Let's see if we can do a bit better than that. Maybe a script to 
construct a larger input for the speed test from the smaller file. 
Should be pretty simple.

>
> Michael, with your "Jacob might be a nefarious cabal of
> state-sponsored hackers" hat on, is this observable enough, or do we
> need to get it smaller? I was thinking we may want to replace the URLs
> with stuff that doesn't link randomly around the Internet. Delicious
> in its original form is long gone.
>

Arguably the fact that it points nowhere is a good thing. But feel free 
to replace it with something else. It doesn't have to be URLs at all. 
That happened simply because it was easy to extract from a very large 
piece of JSON I had lying around, probably from the last time I wrote a 
JSON parser :-)

cheers

andrew

--
Andrew Dunstan
EDB: https://www.enterprisedb.com

Re: WIP Incremental JSON Parser

From

Andrew Dunstan

Date:

08 April 2024, 22:20:13

On 2024-04-08 Mo 09:29, Andrew Dunstan wrote:
>
> On 2024-04-07 Su 20:58, Tom Lane wrote:
>> Coverity complained that this patch leaks memory:
>>
>> /srv/coverity/git/pgsql-git/postgresql/src/bin/pg_combinebackup/load_manifest.c: 
>> 212 in load_backup_manifest()
>> 206                 bytes_left -= rc;
>> 207                 json_parse_manifest_incremental_chunk(
>> 208 inc_state, buffer, rc, bytes_left == 0);
>> 209             }
>> 210
>> 211             close(fd);
>>>>>      CID 1596259:    (RESOURCE_LEAK)
>>>>>      Variable "inc_state" going out of scope leaks the storage it 
>>>>> points to.
>> 212         }
>> 213
>> 214         /* All done. */
>> 215         pfree(buffer);
>> 216         return result;
>> 217     }
>>
>> /srv/coverity/git/pgsql-git/postgresql/src/bin/pg_verifybackup/pg_verifybackup.c: 
>> 488 in parse_manifest_file()
>> 482                 bytes_left -= rc;
>> 483                 json_parse_manifest_incremental_chunk(
>> 484 inc_state, buffer, rc, bytes_left == 0);
>> 485             }
>> 486
>> 487             close(fd);
>>>>>      CID 1596257:    (RESOURCE_LEAK)
>>>>>      Variable "inc_state" going out of scope leaks the storage it 
>>>>> points to.
>> 488         }
>> 489
>> 490         /* Done with the buffer. */
>> 491         pfree(buffer);
>> 492
>> 493         return result;
>>
>> It's right about that AFAICS, and not only is the "inc_state" itself
>> leaked but so is its assorted infrastructure.  Perhaps we don't care
>> too much about that in the existing applications, but ISTM that
>> isn't going to be a tenable assumption across the board. Shouldn't
>> there be a "json_parse_manifest_incremental_shutdown()" or the like
>> to deallocate all the storage allocated by the parser?
>
>
>
> yeah, probably. Will work on it.
>
>
>

Here's a patch. In addition to the leaks Coverity found, there was 
another site in the backend code that should call the shutdown function, 
and a probably memory leak from a logic bug in the incremental json 
parser code. All these are fixed.


cheers


andrew

--
Andrew Dunstan
EDB: https://www.enterprisedb.com

Attachment

fix-incremental-manifest-parser-memory-leak.patch

Re: WIP Incremental JSON Parser

From

Michael Paquier

Date:

09 April 2024, 00:48:18

On Mon, Apr 08, 2024 at 05:42:35PM -0400, Andrew Dunstan wrote:
> Arguably the fact that it points nowhere is a good thing. But feel free to
> replace it with something else. It doesn't have to be URLs at all. That
> happened simply because it was easy to extract from a very large piece of
> JSON I had lying around, probably from the last time I wrote a JSON parser
> :-)

: "http://www.theatermania.com/broadway/",

As as matter of fact, this one points to something that seems to be
real.  Most of the blobs had better be trimmed down.

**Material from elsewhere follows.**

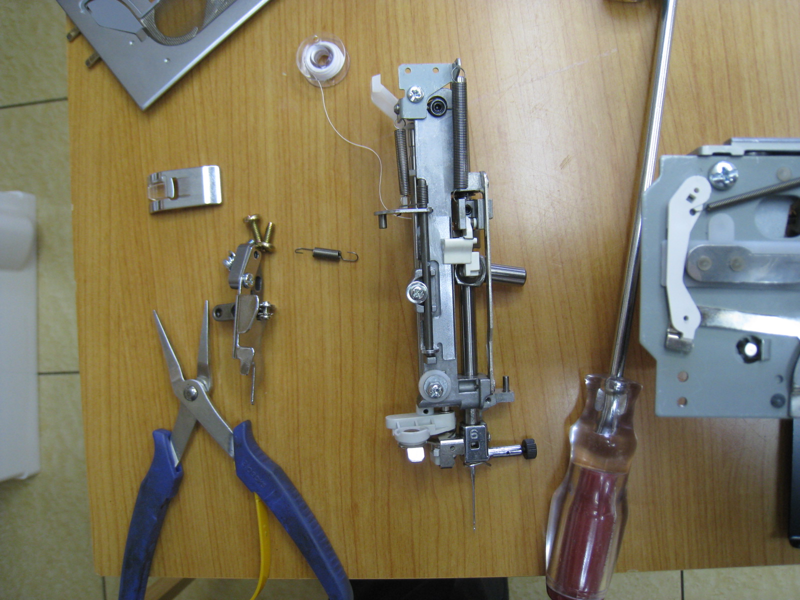 を取り除いて、新たに油を差して、針棒が左右に動くようにして組み付け点検して修理完了です。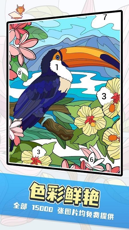 3.在不同的图案上填写颜色,完成不同的关卡,每一次都会给你带来不同的惊喜。

Looking at the code paths in this module, it looks like this could be
even simpler than what Jacob is shaving, checking for:
- Objects start and end, including booleans, ints and strings for the
quotations.
- Nested objects, including arrays made of simple JSON objects.

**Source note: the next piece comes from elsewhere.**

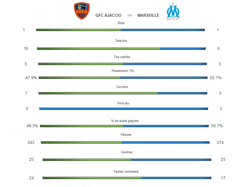 En match en retard de la 28ème journée de Ligue 1, les Olympiens ont ouvert le score à dix minutes du terme mais les Corses ont égalisé cinq minutes plus tard. Difficile de faire la différence sur une pelouse en si mauvaise état. Pourtant refait en partie, il y a quelques semaines, le gazon corse était dans un état à la limite du praticable ce mercredi en fin d'après-midi. On n'ose imaginer son état il y a dix jours, à la date initialement fixée pour le match alors que des trombes d'eau s'étaient abattues sur Ajaccio... L'état du rectangle vert n'est pas une excuse mais une explication de la prestation fournie par les deux équipes au stade Ange Casanova. Elles ont eu les plus grandes difficultés à développer du jeu. Au sol, la progression du ballon était compliquée. Dans les airs également car les rebonds étaient aléatoires et les appuis incertains ne permettaient pas de jouer en première intention. Malgré tout, dans un système en 4-4-2 avec Batshuayi et Fletcher en pointe, les Olympiens se sont procuré les occasions les plus franches en première période. Nkoudou, le Marseillais le plus en vue, a eu trois occasions franches mais a buté à chaque fois sur Maury. Tout comme Batshuayi dont la seule opportunité des 45 premières minutes a fini sa course dans les gants du portier corse. Les Ajacciens n'ont pas fait que défendre et auraient pu ouvrir la marque sans un Mandanda, une nouvelle fois, impressionnant. Si Filippi ou Le Moigne ont tiré à côté, Larbi, Zoua, Boutaib, sur son premier ballon, ou Ducourtioux ont alerté le capitaine olympien, auteur de parades décisives. Michel lançait du sang frais avec Sarr puis Thauvin alors que les Ajacciens monopolisaient la balle. Et sur un contre rondement mené, Batshuayi, qui aspirait trois défenseurs, décalait Cabella. Plein de lucidité, l'Olympien effaçait Maury d'un râteau puis, sur un crochet, se mettait sur son pied gauche et frappait dans les buts. Mais seulement cinq minutes plus tard, Ajaccio obtenait un coup franc inexistant (merci la pelouse...). Sur celui-ci, Larbi enroulait sa frappe que personne ne parvenait à dévier et le ballon venait mourir derrière le poteau de Mandanda. 1 à 1 à cinq minutes de la fin, tout était à refaire pour les deux équipes. Mandanda sortait à nouveau une parade extraordinaire dans les arrêts de jeu sur une frappe de Boutaib et sauvait un point. Ce n'est évidemment pas suffisant pour remonter dans la première partie de tableau mais sans les arrêts de classe mondiale de Mandanda, le résultat aurait été différent. L'OM signe un nouveau match nul, le quatorzième de sa saison mais enchaîne tout de même un dixième match de rang sans défaite à l'extérieur. Un succès aurait permis de grimper à la huitième position mais ce soir maintenant que tous les clubs comptent le même nombre de rencontres (29), l'OM est onzième à sept longueurs du podium. Auteur : Frédéric Rostain |

Some escape patterns are already checked, but most of them are
missing:
https://coverage.postgresql.org/src/test/modules/test_json_parser/test_json_parser_incremental.c.gcov.html

There is no direct check on test_json_parser_perf.c, either, only a
custom rule in the Makefile without specifying something for meson.
So it looks like you could do short execution check in a TAP test, at
least.
--
Michael

Attachment

signature.asc

Re: WIP Incremental JSON Parser

From

Michael Paquier

Date:

09 April 2024, 05:23:55

On Tue, Apr 09, 2024 at 09:48:18AM +0900, Michael Paquier wrote:
> There is no direct check on test_json_parser_perf.c, either, only a
> custom rule in the Makefile without specifying something for meson.
> So it looks like you could do short execution check in a TAP test, at
> least.

While reading the code, I've noticed a few things, as well:

+   /* max delicious line length is less than this */
+   char        buff[6001];

Delicious applies to the contents, nothing to do with this code even
if I'd like to think that these lines of code are edible and good.
Using a hardcoded limit for some JSON input sounds like a bad idea to
me even if this is a test module.  Comment that applies to both the
perf and the incremental tools.  You could use a #define'd buffer size
for readability rather than assuming this value in many places.

+++ b/src/test/modules/test_json_parser/test_json_parser_incremental.c
+ * This progam tests incremental parsing of json. The input is fed into
+ * full range of incement handling, especially in the lexer, is exercised.
+++ b/src/test/modules/test_json_parser/test_json_parser_perf.c
+ *    Performancet est program for both flavors of the JSON parser
+ * This progam tests either the standard (recursive descent) JSON parser
+++ b/src/test/modules/test_json_parser/README
+  reads in a file and pases it in very small chunks (60 bytes at a time) to

Collection of typos across various files.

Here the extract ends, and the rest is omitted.